On Sat, 28 Sep 2002, Vertigo wrote:
> I've been looking at a piece of code for a couple of days now that
> appears to be
> leaking memory. I'd just like another opinion it to see what it is I'm
> not
> seeing. It's tied into my do_look routine and splices two strings
> together
> using getline OLC 1.81's standard getline and other standard functions.
> I'm
> just thinking something isn't being freed correctly. What is happening
> is
> I'm getting an increase in perms by two every single time the character
> 'looks'. Which is equivalent to the amount of strings I'm sending to
> this
> piece of code.
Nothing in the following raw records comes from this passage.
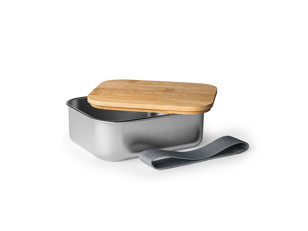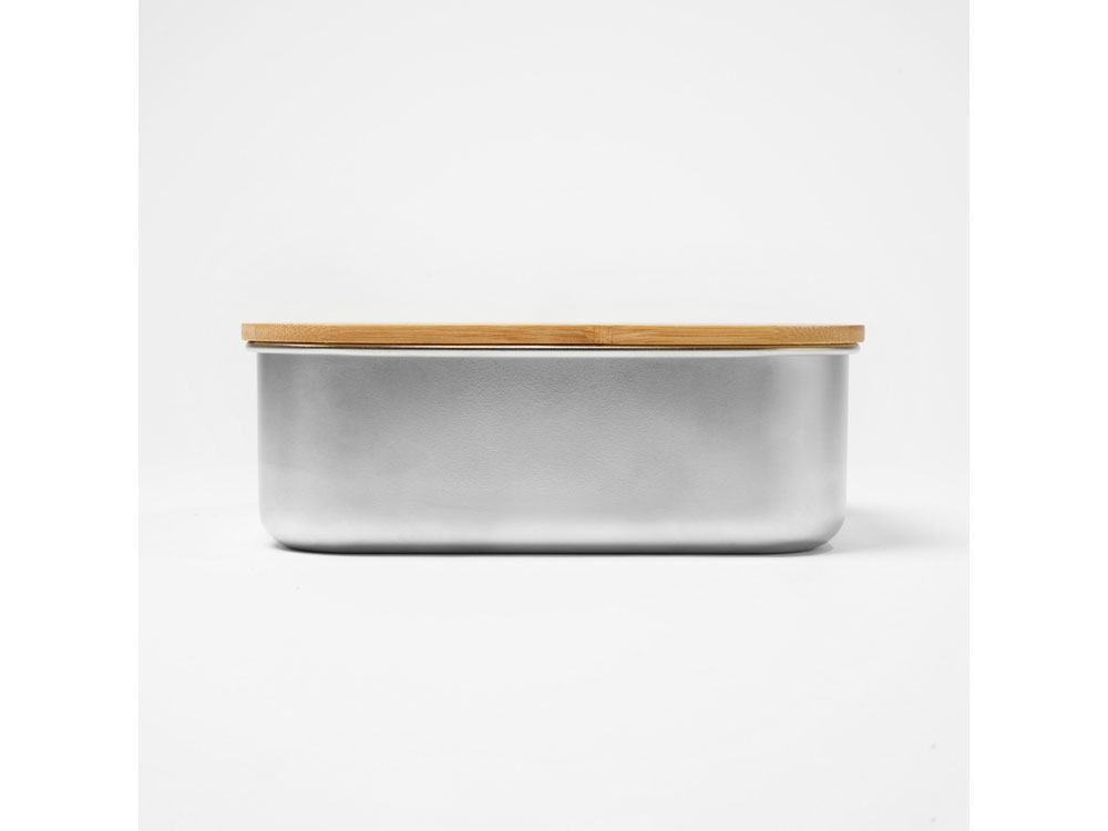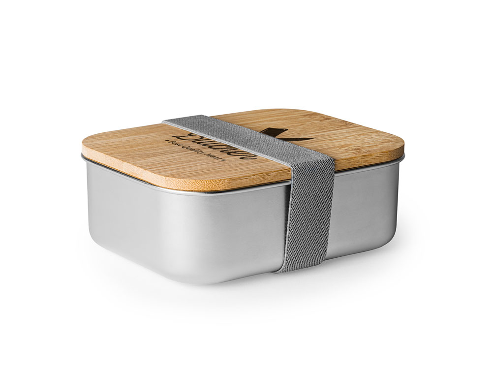 Ланч-бокс из нержавеющей стали 304 с бамбуковой крышкой и защитной резинкой. Объем 800 мл. Идеально подходит для персонализации и продвижения вашей компании.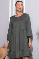 Нарядное платье трапециевидного силуэта с рукавом реглан. Рукав прямой, низ на резинке. Низ платья оформлен рюшей из плиссированной ткани. Вырез горловины круглый с заложенными вокруг нее складками, декорирован завязывающимся бантом и пришивными стразами. Платье выполнено на подкладке.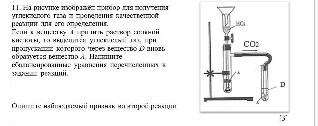 На рисунке изображён прибор для получения углекислого газа и проведения качественной реакции для его определения.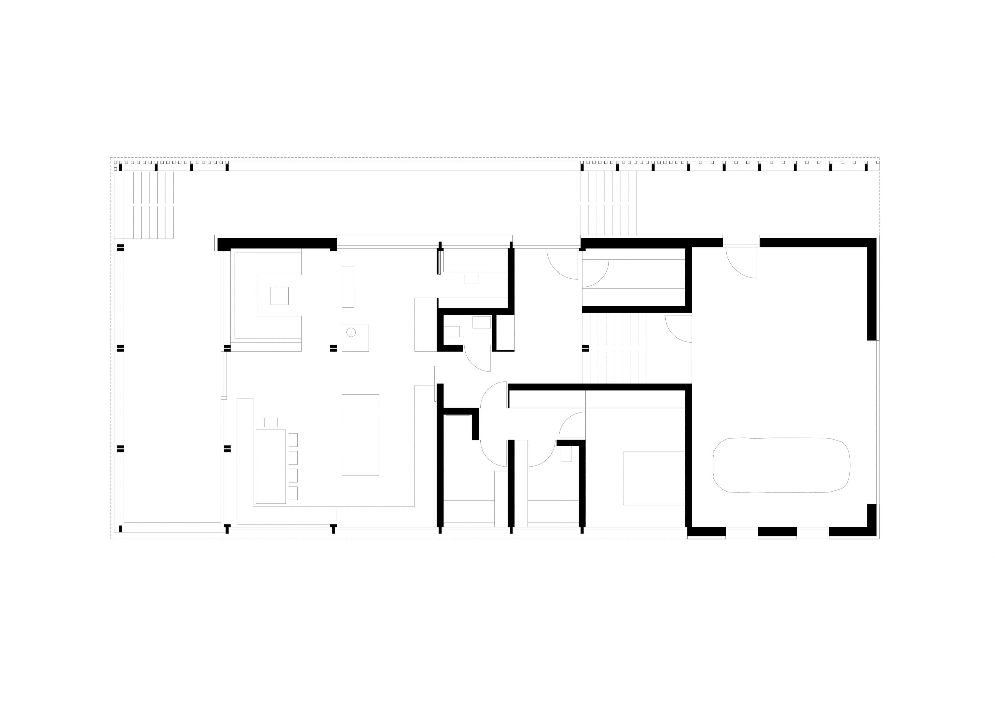 Ursprünglich sollte ein klassisches EFH entstehen, im Laufe der Planung entwickelte sich daraus ein flexibel nutzbares Gebäude mit mehreren Wohneinheiten. Eher zufällig ergaben sich viele Ähnlichkeiten zu der traditionellen Bautypologie eines Bregenzerwälder Hauses. Proportion und Größe sind vergleichbar. Auch das UG ist wie beim traditionellen Wälderhaus nur halb im Erdreich eingebettet, um eine natürliche Belichtung zu ermöglichen. Auch die Traufhöhe von 5 m mit einem vorgelagerten "Schopf" ergeben den Übergang zwischen Freiraum und Gebäude, wie beim traditionellen Bautypus. Und die Erschließung erfolgt über eine Mittelerschließung ergänzt durch ein "Hinterhaus" mit Garage und Mitarbeiterwohnung sind vergleichbar.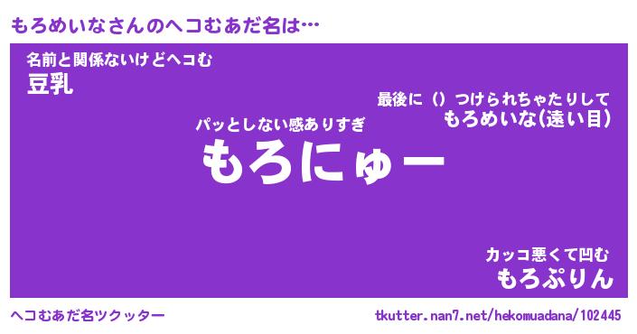 | 意味不明あだ名 | 『ペロリンもろめいな』 |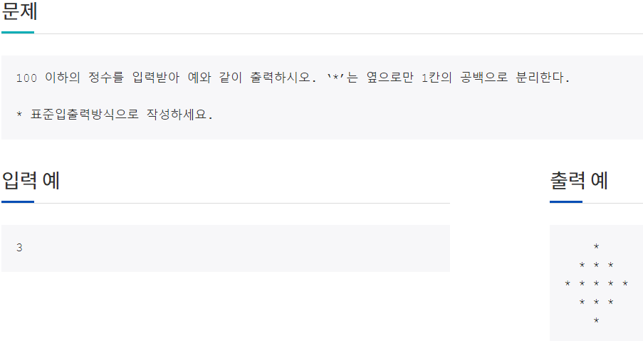 #include <iostream> using namespace std; int main() { int n; cin >> n; for (int i = 0; i < n; ++i) { for (int j = 0; j < n - 1 - i; ++j) { cout << " "; } for (int j = 0; j < 2 * i + 1; ++j) { cout << "* "; } cout << endl; } for (int i = n - 2; i >=0; --i) { for (int j = 0; j < n - 1 - i; ++j) { cout << " "; } for (int j = 0; j < 2 * i + 1; ++j) { cout << "* "; } cout << endl; } }211 : 파일입출력 - 형성평가7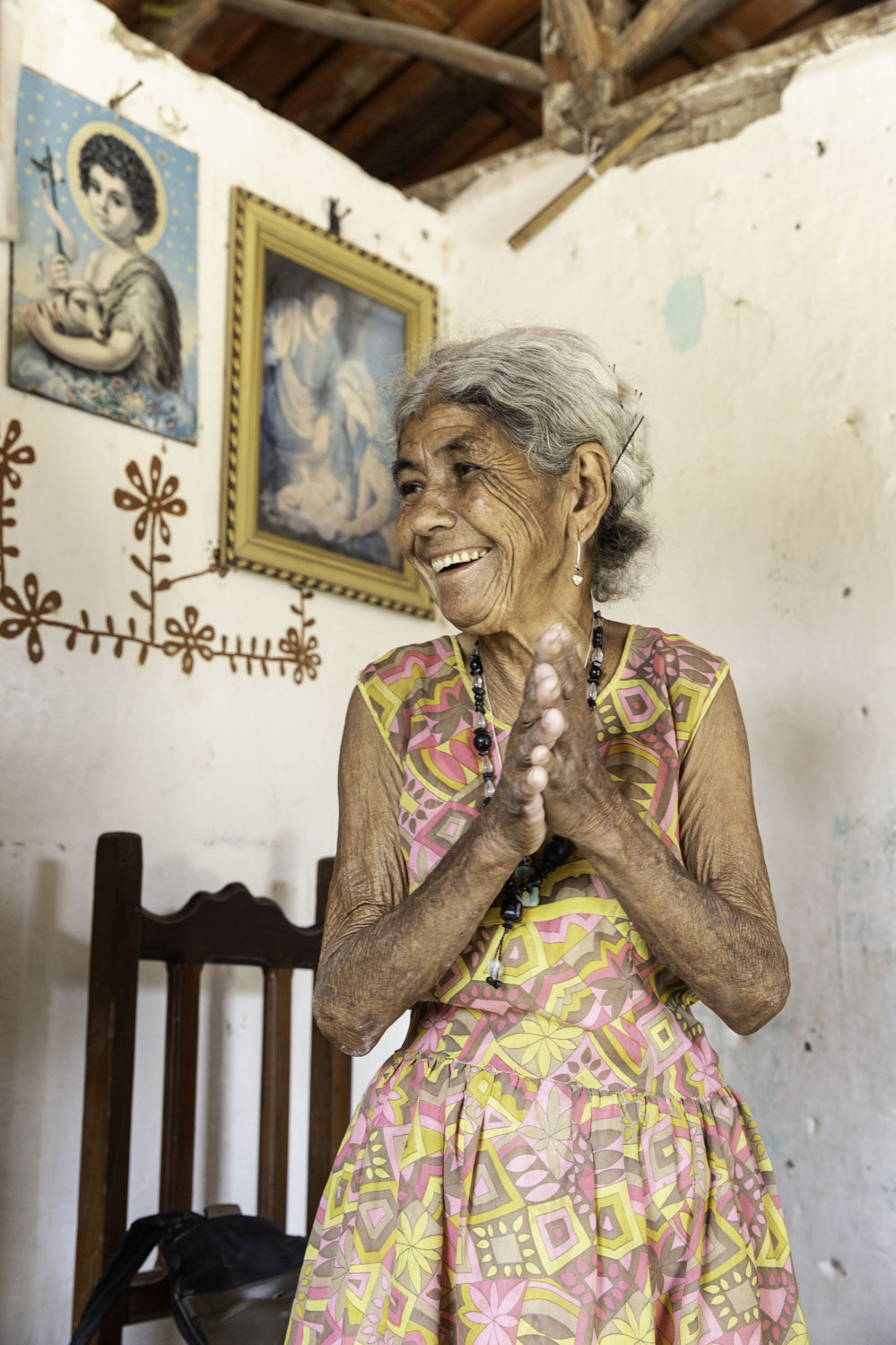 A pesquisa empreendida por Guacira em Caraí/MG, para o CNFCP em 2019, possibilitou ser recebida pela artista em sua casa. “É notável perceber como certos elementos do fazer artístico de Noemisa habitavam a vida cotidiana. A casa de alvenaria, por exemplo, onde morava, em Ribeirão da Capivara, instalada numa paisagem isolada, sem casas vizinhas, sem um estabelecimento de comércio; nela, o voto de beleza surgia nas linhas suaves dos ornamentos florais desenhados com tabatinga e tauá sobre a superfície branca da parede”, descreve a pesquisadora em seu trabalho, que divulgamos aqui.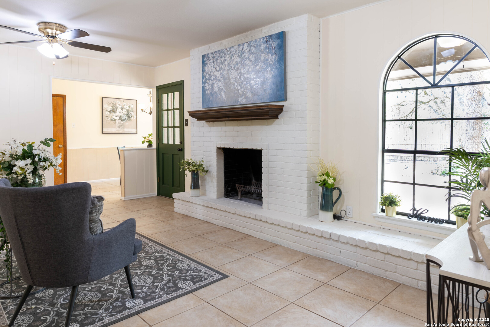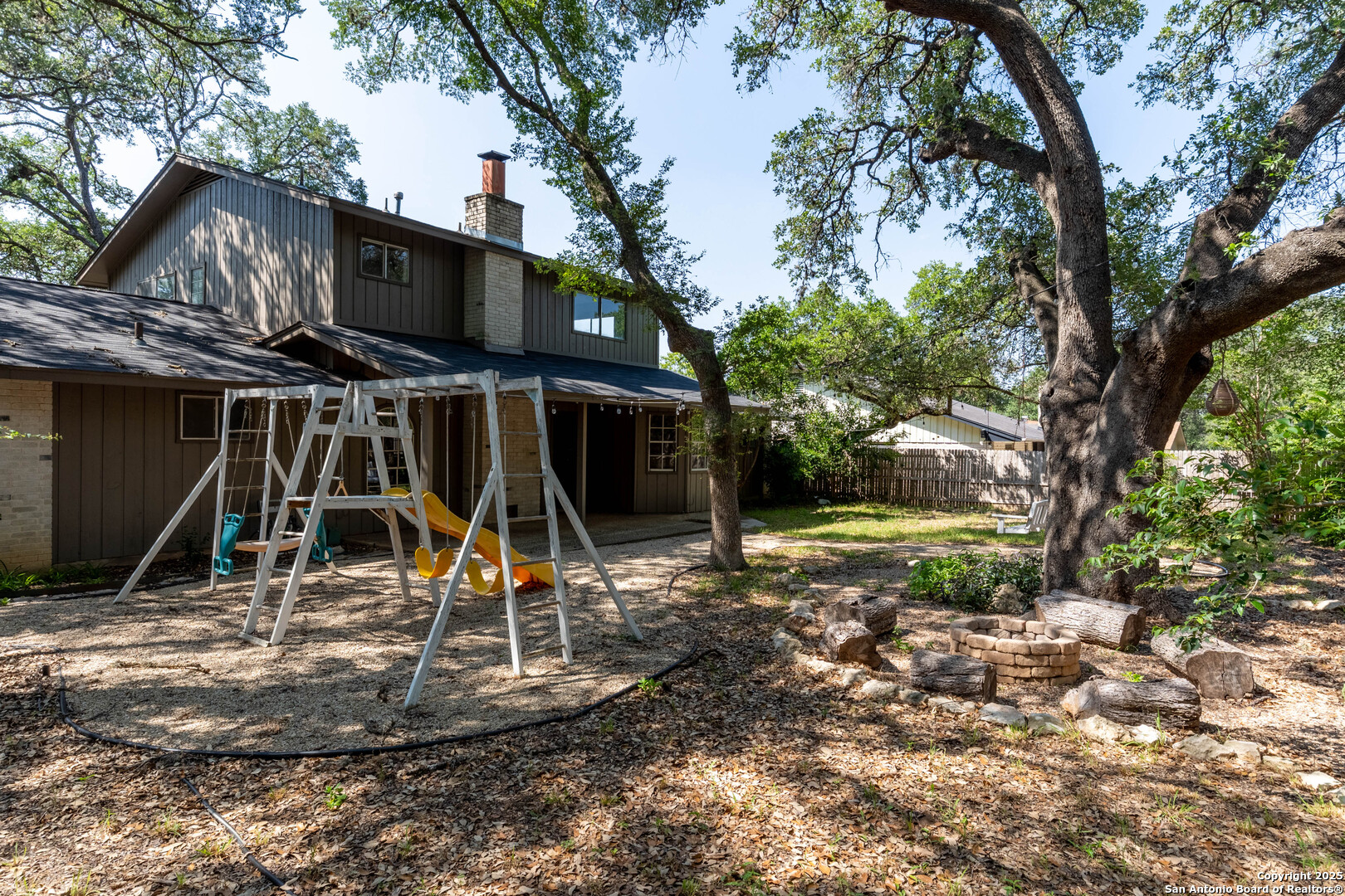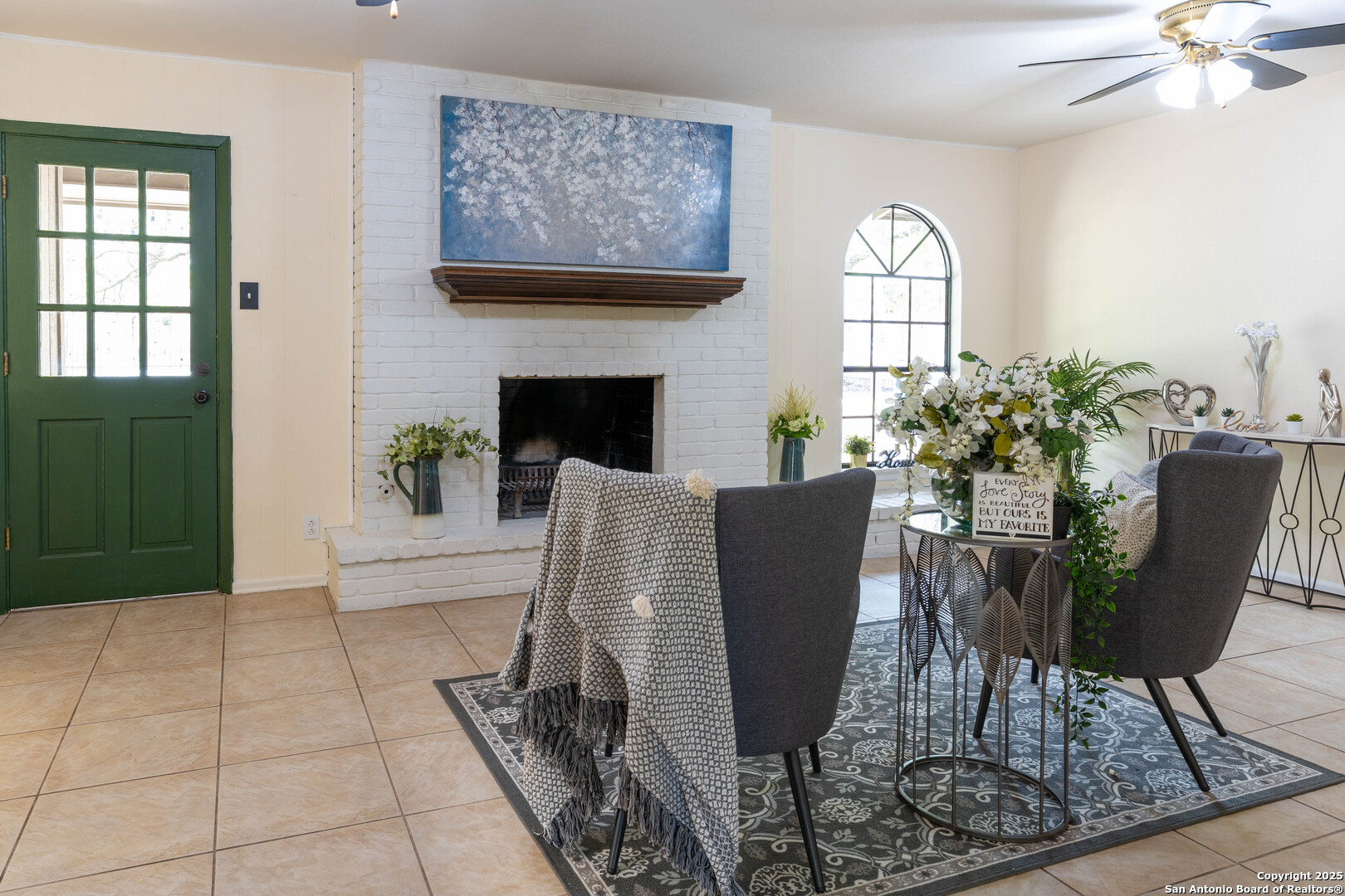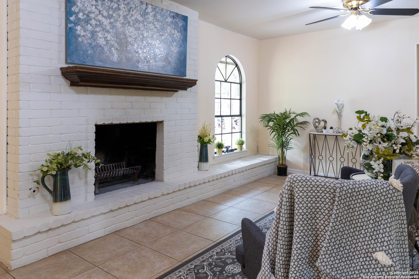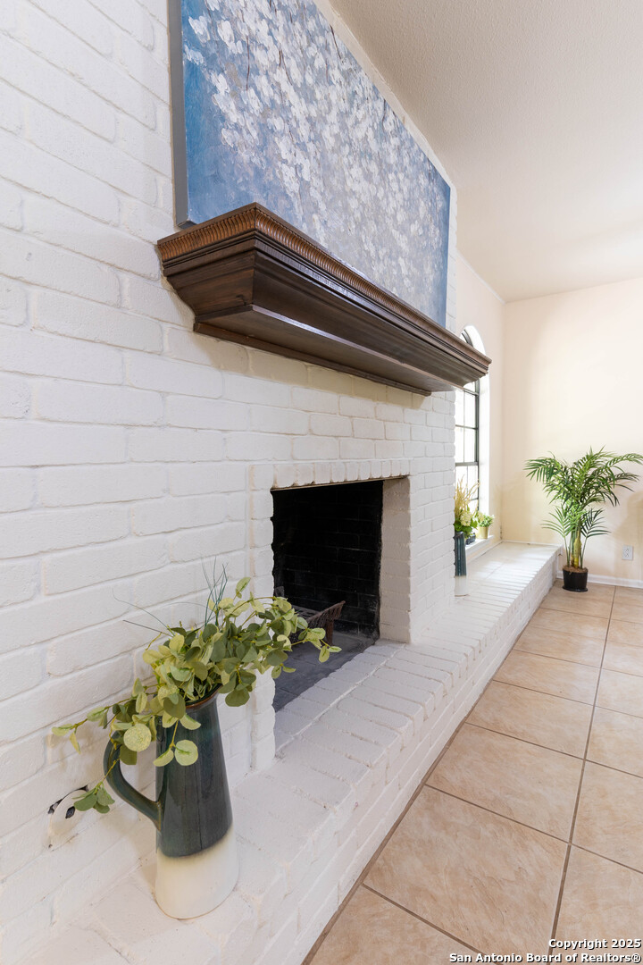 Nestled in the peaceful Charter Oaks neighborhood, this beautifully updated 4-bedroom, 3-bathroom home offers elegant curb appeal with grand arches, wrought iron railings, and mature trees framing oversized front and back yards. Inside, natural light floods the living spaces, highlighting a formal living room that doubles as a study and a striking floor-to-ceiling fireplace in the main living area. The kitchen boasts new quartz countertops, painted solid wood cabinets, and a stainless steel appliance package, while a sunny bay window breakfast nook overlooks the backyard. The spacious downstairs master suite features a designer-finished bath with a frameless glass walk-in shower. Texas-sized secondary bedrooms offer ample space and comfort. Step outside to a covered patio ideal for entertaining, and enjoy the ample parking of an oversized garage with workshop area. With over $100,000 in recent updates-including HVAC system-this home is move-in ready. Located with easy access to major highways, the Medical Center, USAA, and premier shopping and dining destinations like The Rim and The Pearl, convenience is unmatched. No HOA, and the neighborhood offers an optional pool and clubhouse membership. Don't miss the opportunity to own in one of San Antonio's most charming established communities!
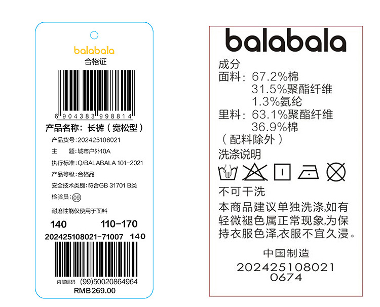 【商场同款】巴拉巴拉童装儿童裤子女童长裤2025冬新款大童弯刀裤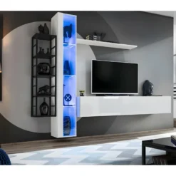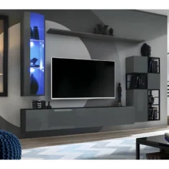 Vitrine Suspendue Grise Petit Modèle Avec 1 Porte Vitrée Et éclairage LED Inclus. Collection SWITCH.
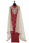 | DESCRIPTION | Maroon unstitched set is embellished zardozi and pearls. Paired with printed dupatta and bottom. |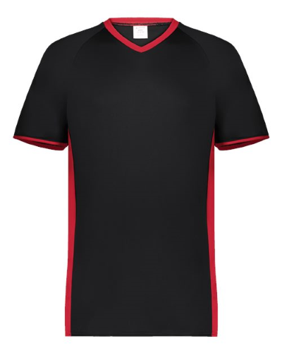 96/4 polyester/spandex with color secure technology that helps prevent dye migrationLightweight knitMoisture wicking4-way stretch properties allow for increased mobilityV-neck collarRaglan sleevesUPF 50+ protectionTear away label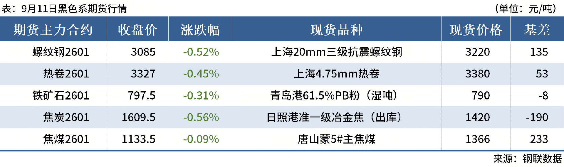 ◎9月11日,全國主港鐵礦石成交112.40萬噸,環(huán)比增73.5%;237家主流貿(mào)易商建筑鋼材成交9.19萬噸,環(huán)比減1.2%。

The other two strings display fine with no leak on their
> own
> so I've pretty much deduced that this one is the culprit.
>
> Vert
>
>
> Attached below:
> [Snip]
There are two things you need to learn about allocating and freeing memory.
The first thing is that everything you allocate must be freed exactly
once. The second thing is that you can't free something you didn't
allocate.
Let's just step through this function looking at allocated memory.
Before the function starts, nothing is allocated (we assume the
calling function is responsible for the variables it passes in).
memory allocated and not yet freed
----------------------------------
none
> char *insert_string( const char *oldstring, char *insert )
> {
> char formatted[MSL];
> char *tempstr, *therest;
> char templine[MSL], newstr[MSL];
> char temp1[MSL], temp2[MSL];
> bool mapbigger = TRUE;
> bool cap = FALSE;
> int line= 0, i=0;
>
> tempstr = str_dup(oldstring);
str_dup() allocates memory that must be freed with free_string(),
so we need to keep track of it.
memory allocated and not yet freed
----------------------------------
tempstr
> tempstr = format_string2( tempstr, 72, FALSE );
> /* format it to minus the map */
format_string2() frees the string passed to it, then allocates
a new one. So the memory tempstr was allocated a few lines ago
is now freed, and new memory is allocated for it.
memory allocated and not yet freed
----------------------------------
tempstr
> newstr[0] = '\0';
>
> while( *insert || *tempstr )
> {
> if( *tempstr && !(*insert) )
> mapbigger = FALSE;
>
> insert = getline(insert, temp1); /*gets first line of map */
>
> tempstr = getline(tempstr, temp2); /*get first line of desc*/
Since you just changed tempstr, which was the only pointer to the
memory allocated about a dozen lines ago, from now on I will refer
to that address as "the address formerly known as tempstr".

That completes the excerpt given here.